▶ Task description:
Would you transcribe the listing that follows word for word, skipping pictures?

▶ Given information:
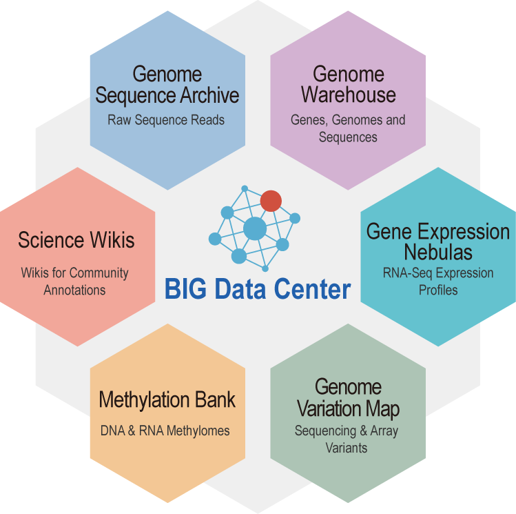 生命与健康大数据中心建成面向国家大数据发展战略的多层次生物组学数据资源系统,包括基于高通量测序的原始组学数据归档库(Genome Sequence Archive,GSA),围绕国家重要战略生物资源的基因组组数据库(Genome Warehouse,GWH),基于测序数据的基因表达数据库(Gene Expression Nebulas,GEN),基于中国人群以及国家重要物种群体的基因组变异数据库(Genome Variation Map,GVM),基于全基因组DNA甲基化图谱的表观基因组数据库(Methylation Bank,MethBank)以及基于大众审编(Community Curation)的生命科学维基知识库(Science Wikis),初步形成我国生命与健康数据汇交与共享平台,具备可服务于全球的基因组数据共享网络。
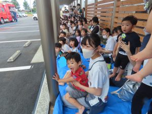 放水の迫力に子ども達は目を丸くして見入っていました😆
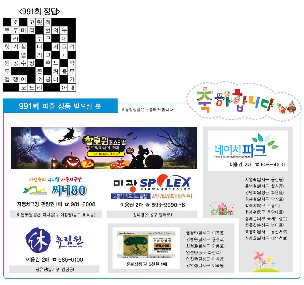♣ ‘가족과 함께 풀어보세요’정답을 아시는 분은 본사 편집부로 보내주시기 바랍니다. 10월 20일까지 도착된 엽서 중에서 추첨을 통해 상품을 드립니다. 주소를 정확히 기재해 주십시오. 당첨상품을 우송해 드립니다.
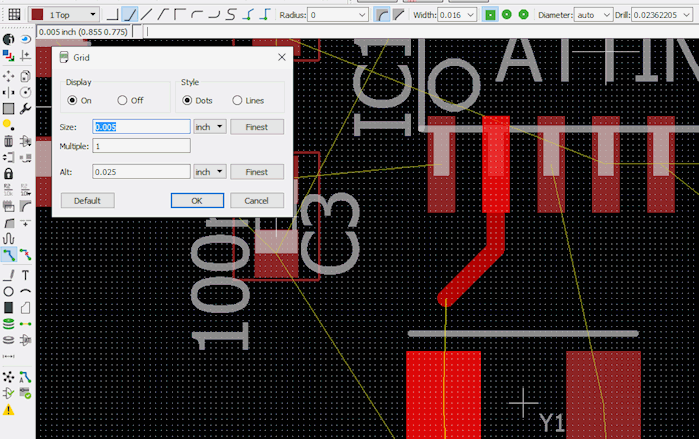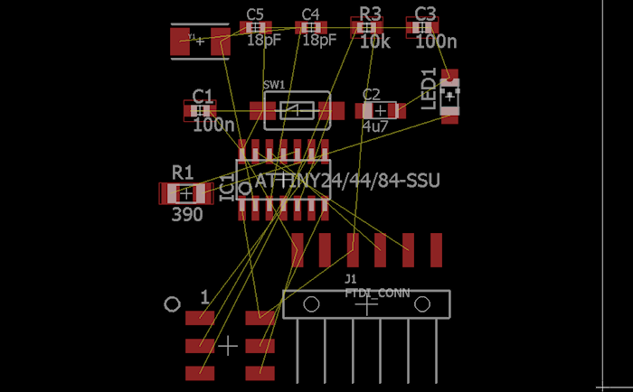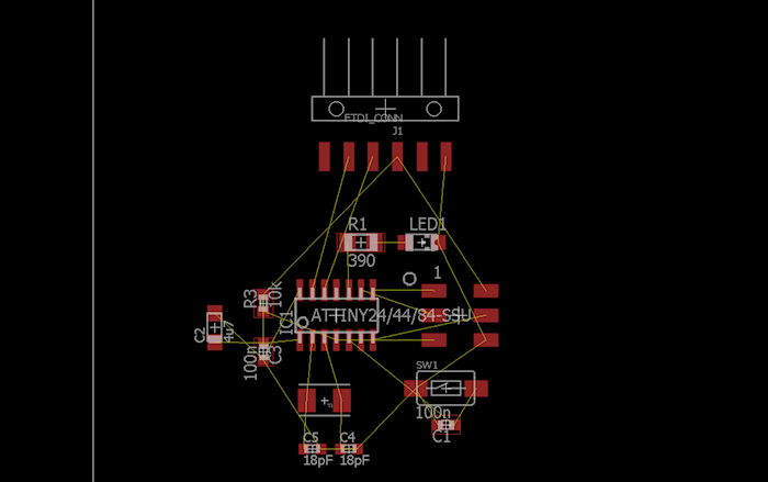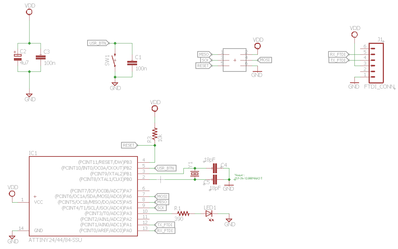 So I used Eagle to design my version of Neil's Echo Hello World, with an additional button and a led. I would like to modify the original firmware to be able to turn on and off the led using Morse code, according to the received character.

▶ Answer for this exercise:
 生命与健康大数据中心建成面向国家大数据发展战略的多层次生物组学数据资源系统,包括基于高通量测序的原始组学数据归档库(Genome Sequence Archive,GSA),围绕国家重要战略生物资源的基因组组数据库(Genome Warehouse,GWH),基于测序数据的基因表达数据库(Gene Expression Nebulas,GEN),基于中国人群以及国家重要物种群体的基因组变异数据库(Genome Variation Map,GVM),基于全基因组DNA甲基化图谱的表观基因组数据库(Methylation Bank,MethBank)以及基于大众审编(Community Curation)的生命科学维基知识库(Science Wikis),初步形成我国生命与健康数据汇交与共享平台,具备可服务于全球的基因组数据共享网络。
 放水の迫力に子ども達は目を丸くして見入っていました😆
♣ ‘가족과 함께 풀어보세요’정답을 아시는 분은 본사 편집부로 보내주시기 바랍니다. 10월 20일까지 도착된 엽서 중에서 추첨을 통해 상품을 드립니다. 주소를 정확히 기재해 주십시오. 당첨상품을 우송해 드립니다.
 So I used Eagle to design my version of Neil's Echo Hello World, with an additional button and a led. I would like to modify the original firmware to be able to turn on and off the led using Morse code, according to the received character.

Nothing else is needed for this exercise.